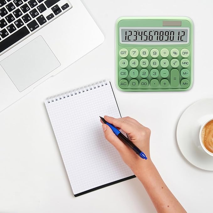 - Imitation Mechanical Keyboard Design - Our cute calculator make with large LCD display ,12-digit display.The big buttons imitating the knocking feel of a mechanical keyboard.Your calculation process will be faster and smoother with this calculator’s responsive buttons.
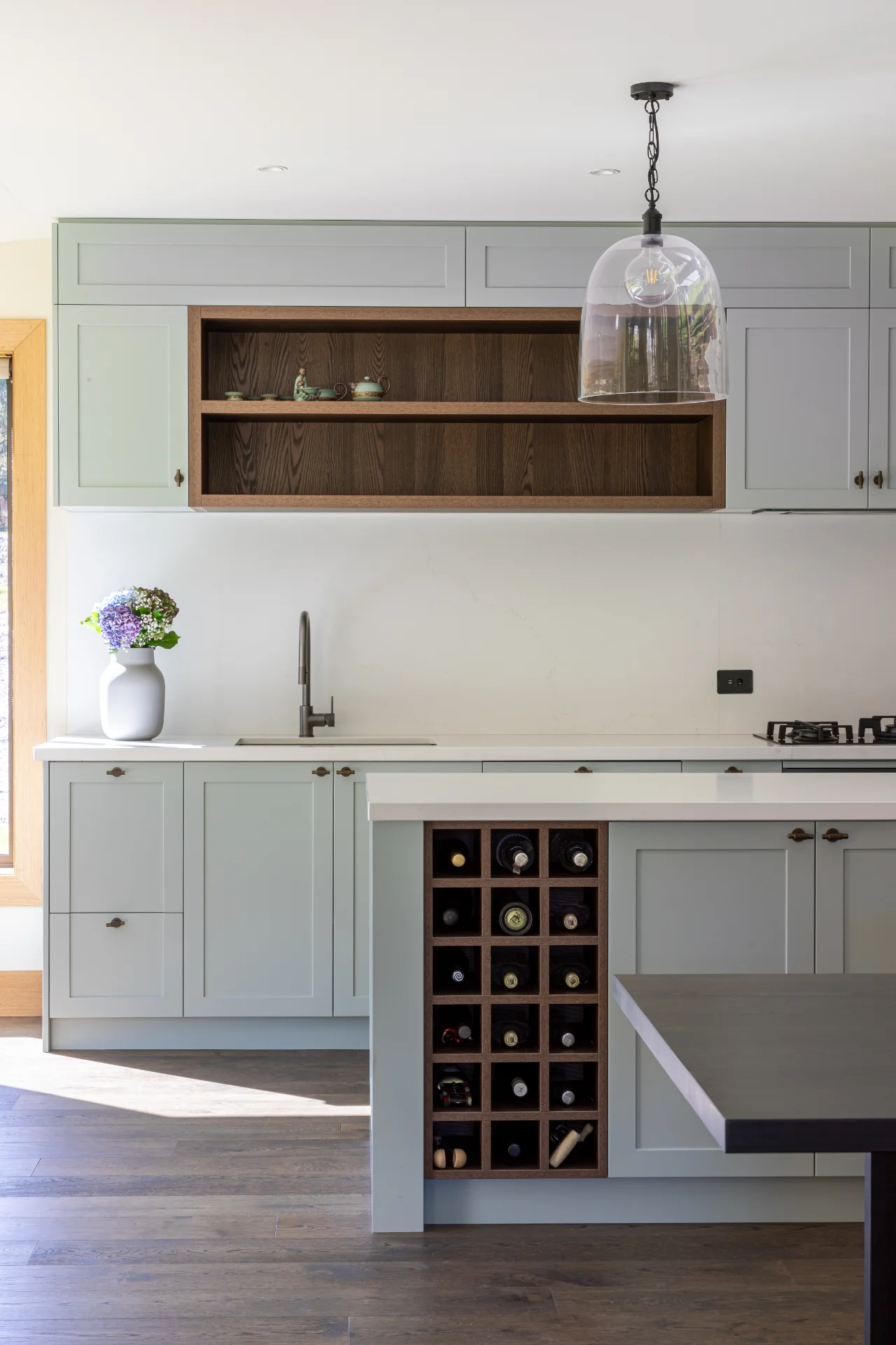 Once the location of a humble farmhouse, the site has been thoughtfully reimagined, with much of the original landscape and established gardens lovingly preserved and repurposed. Driving down the tree-lined driveway, past open fields and tranquil ponds, there's an immediate sense that this home truly belongs here. Inside, the atmosphere continues to reflect a deep sense of place. While unmistakably new, the interiors echo the charm and warmth of a traditional rural home. Rich oak doors, hand-crafted wardrobes, and a striking timber staircase fill the air with that unmistakable scent of real wood. These natural elements are perfectly paired with a calming palette of creams, soft blues, and gentle greys. A hidden door reveals a secret room—a delightful touch of craftsmanship that adds mystery and whimsy. The dedicated library or office space is lined with bespoke joinery shelving, providing the perfect showcase for a lifetime of books, achievements, and travel treasures. At the heart of the home lies a dream entertainer’s kitchen: a modern interpretation of the classic farmhouse style, complete with a feature schist wall that echoes the exterior’s stonework and ties the entire aesthetic together. This home wraps you in a quiet sense of warmth and peace—the kind of place where you can sip coffee by the window and forget the chaos of the outside world. It's not just a house; it’s a sanctuary.
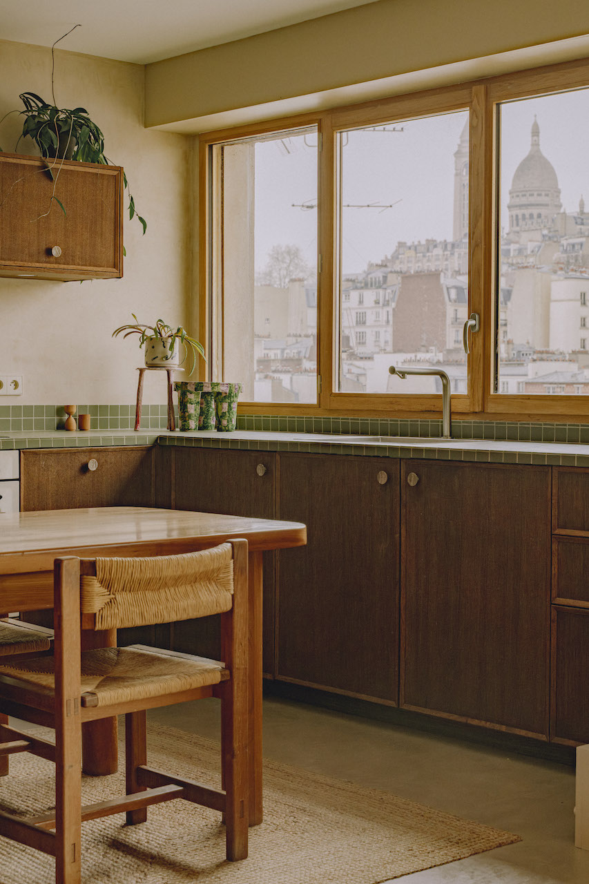 Écouter les personnes autant que les lieux, et les faire évoluer sans tout effacer : c’est dans cet esprit qu’Inès a rénové cet appartement des années 1970, situé au sommet d’un immeuble du 18e arrondissement, pour y vivre en famille. Après un détour par le 10e arrondissement, Inès et son mari Ambroise ont eu envie de retrouver leur quartier de prédilection et découvrent cet appartement par hasard. « On est tombés sur une annonce du Bon Coin. Les photos étaient peu flatteuses, surtout celles de la vue sur le Sacré-Cœur, que l’on devinait à peine. L’appartement était dans son jus, mais on a tout de suite senti le potentiel. On a mené notre petite enquête pour comprendre de quel côté de la butte Montmartre on se situait, et on a foncé. »
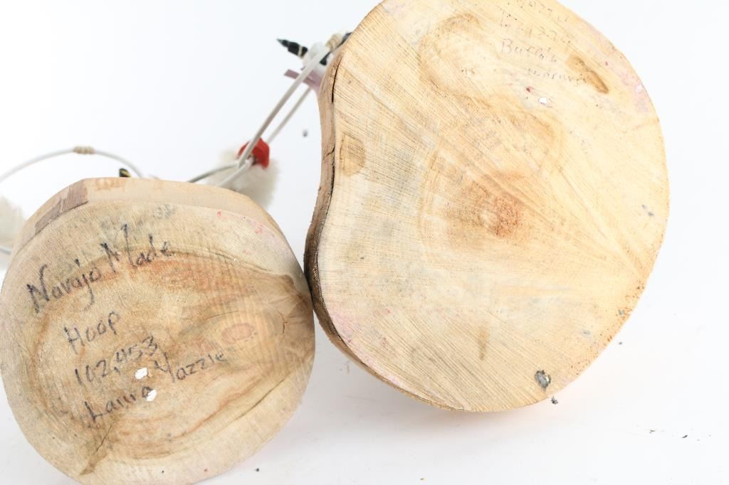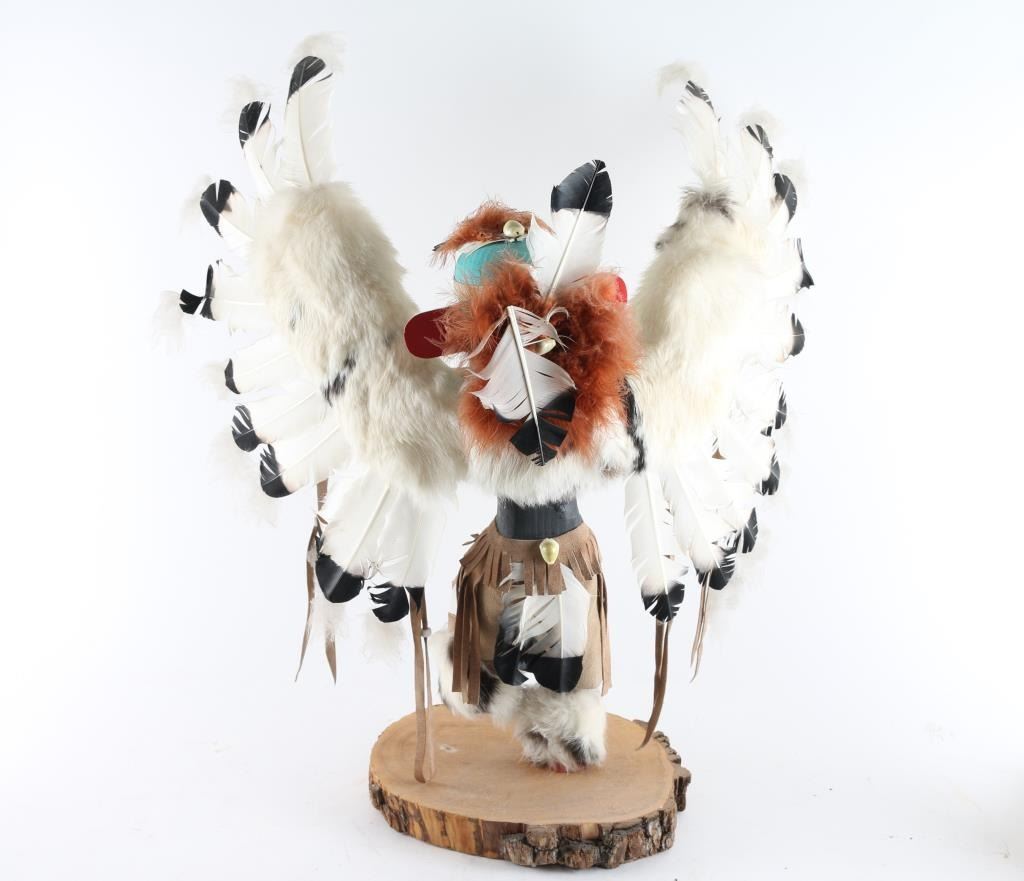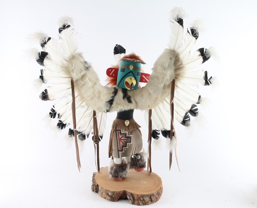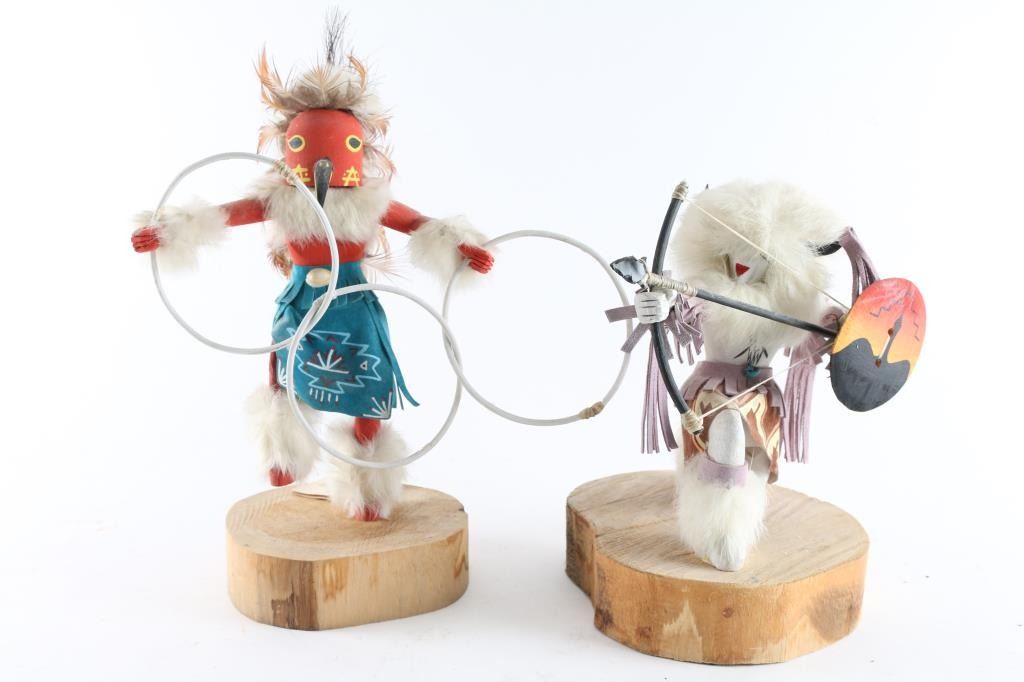 (1) Eagle Dancer by Marvin Martineze, measures 20"x 11"W (2) Buffalo Kachina, signed on base 11"x8" (3) Hoop Dancer by Laura Yazze, 13"x8" with minor losses

What needs to be done:
Word for word, restate only the lines from the one bearing "Écouter les personnes" through the final line of the listing, inclusive, with no pictures.

Answer section:
 Écouter les personnes autant que les lieux, et les faire évoluer sans tout effacer : c’est dans cet esprit qu’Inès a rénové cet appartement des années 1970, situé au sommet d’un immeuble du 18e arrondissement, pour y vivre en famille. Après un détour par le 10e arrondissement, Inès et son mari Ambroise ont eu envie de retrouver leur quartier de prédilection et découvrent cet appartement par hasard. « On est tombés sur une annonce du Bon Coin. Les photos étaient peu flatteuses, surtout celles de la vue sur le Sacré-Cœur, que l’on devinait à peine. L’appartement était dans son jus, mais on a tout de suite senti le potentiel. On a mené notre petite enquête pour comprendre de quel côté de la butte Montmartre on se situait, et on a foncé. »
 (1) Eagle Dancer by Marvin Martineze, measures 20"x 11"W (2) Buffalo Kachina, signed on base 11"x8" (3) Hoop Dancer by Laura Yazze, 13"x8" with minor losses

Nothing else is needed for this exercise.